R does generate plots, but it takes a great deal of work to make good looking plots. The basic plot function is plot(y,x) where y is the object on the y-axis and x is the object on the y-axis. The following command generates the scatter plot for the vapor pressure data.
> plot(vapor$vp,vapor$temp)
The write.table() function generates an output data file that is useful for using other plotting software. The following code appends the inverse temperatures and the natural logs of the vapor pressures to the original data to form a new object vapor2 and then creates the output data file vapor_output.txt.
> vapor2 <- cbind(vapor,inv_temp,log\_vp) > write.table(vapor2,”vapor\_output.txt”)

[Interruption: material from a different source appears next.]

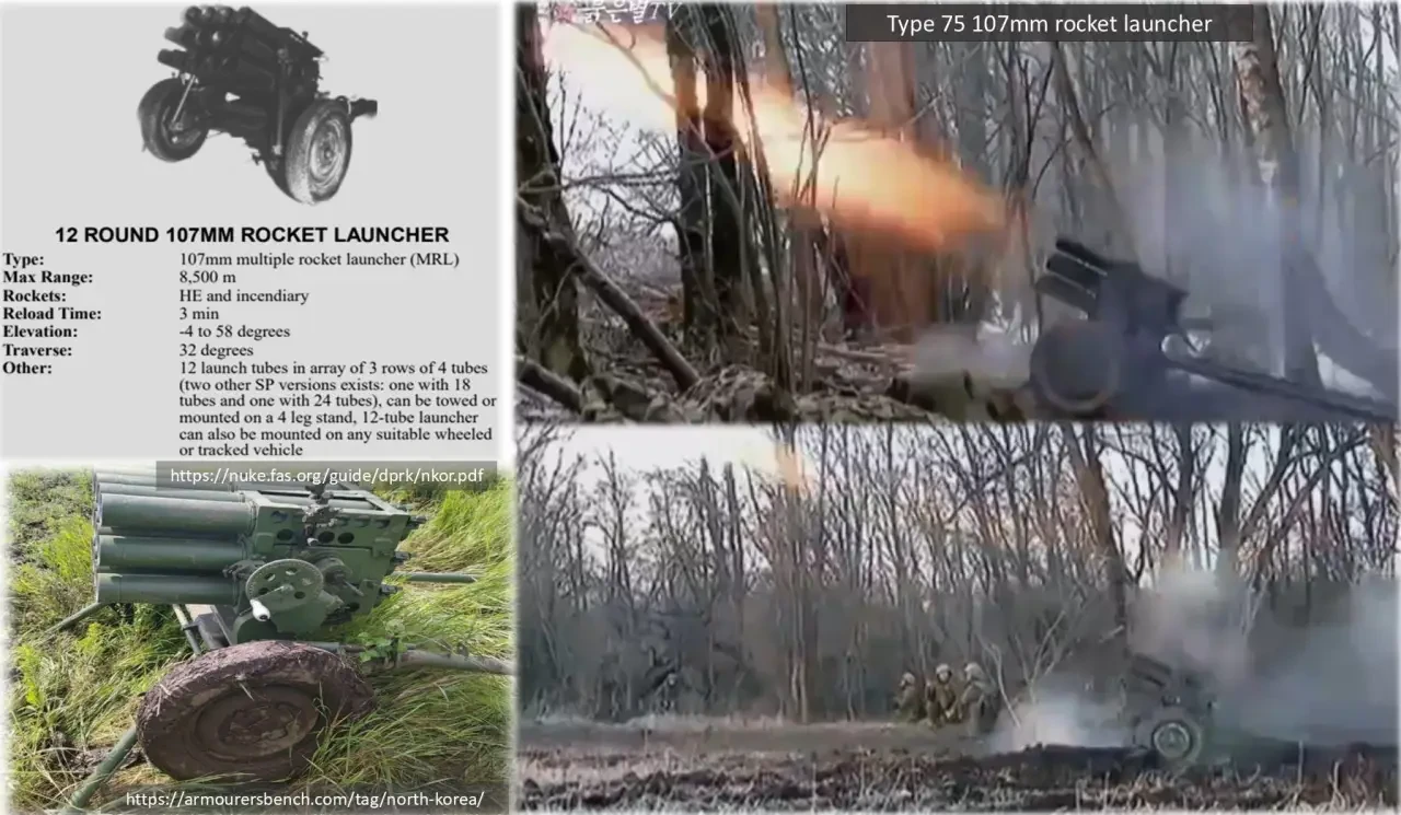 В контексте военно-технического сотрудничества между Россией и КНДР, начавшегося в 2023 году, поставки северокорейского вооружения включают реактивную систему залпового огня (РСЗО) Type-75 калибра 107 мм. Эта буксируемая система, идентичная по конструкции китайской Type-63, была замечена в использовании российскими силами в ходе специальной военной операции (СВО) в 2025 году. Type-75 представляет собой компактное и мобильное решение для огневой поддержки на ближней дистанции, способное наносить массированные удары по площадным целям. Её появление в российском арсенале подчёркивает тенденцию к диверсификации источников поставок в условиях дефицита боеприпасов и техники.

R does a very nice job manipulating matrices. This textbook, however, uses statistical software to perform the matrix calculations “under the hood,” so to speak. The text does show the matrix formulations of the procedures we discuss. However, we do not expect students to perform these calculations directly. As a result, we consider an introduction to the matrix manipulations within R beyond our scope. As appropriate, the text does give the basic R code to perform analyses. We leave it to the course instructor to present the details of the matrix manipulations within R.
R Commander is an add-on package to R. It also is freely available. It provides an easy-to-use user interface, much like Minitab and JMP, to the parent R product. R Commander makes it much more convenient to use R; however, it does not provide much flexibility in its analysis. For example, R Commander does not allow the user to use the externally studentized residual for the residual plots. R Commander is a good way for users to get familiar with R. Ultimately, however, we recommend the use of the parent R product.